Calls for competitiveness and salary accord
The president of the Portuguese Industrial Confederation (CIP), António Saraiva, says that an agreement on competitiveness and incomes is urgent and should be agreed by June.
“In my view it is urgent to reach an agreement” he said at the end of a meeting with Concertação Social – a working group which works on labour legislation in Portugal – in which the new Minister of Finance, Fernando Medina, who attended, presented the general outlines of the State Budget 2022 to social partners ahead of its formal delivery of the budget to parliament on Wednesday (13 April).
The CIP president said that he still thought it possible to reach an agreement by June, recalling that work already done had “shortened the time” that would have been needed “for a fresh document to be drawn up from scratch.”
António Saraiva was alluding to discussions which had taken place during the previous legislature with Concertação Social in order to try and reach an agreement in the medium term on competitiveness and salaries.
Such an agreement would recommend a “progressive reduction in IRS income tax for all parties which would benefit from income increases” within the framework of the agreement “to assure budgetary neutrality in improving the income of the Portuguese”.

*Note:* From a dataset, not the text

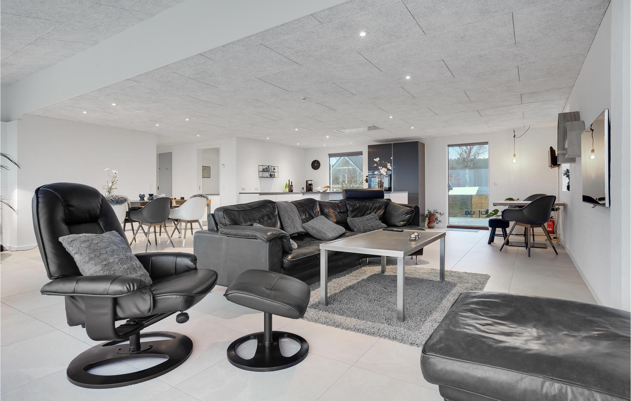Dette sommerhus ligger kun få meter fra stranden og havet, ideelt til en ferie med lange gåture på stranden og dejlige dage ved havet. Hvis I skulle få brug for at arbejde undervejs på ferien, kan I sidde komfortablet ved hæve/sænke-bordet, her er også en god fibernetforbindelse.

“At the same time, and also within the framework of this agreement, are “proposed adjustments to the IRC structure (corporation tax) that favour best salary practices by companies in terms of income enhancements and reducing disparities in salaries.
The original State Budget 2022 was rejected by the left wing Bloco de Esquerda and Communist parties with which Portugal’s socialist PS government had formed an alliance in parliament in order to govern the country.
It ended in disaster in October 2021, provoking a snap general election precisely because these two alliance parties were demanding salary enhancements and changes in overtime payments (back dated) which the CIP, among other business and industry associations, said SMEs and Portugal’s economy could ill afford because of a drop off in productivity due to the Covid-19 pandemic among several other endemic factors including tighter margins, insufficient competitiveness, and Portugal’s high tax burden on companies.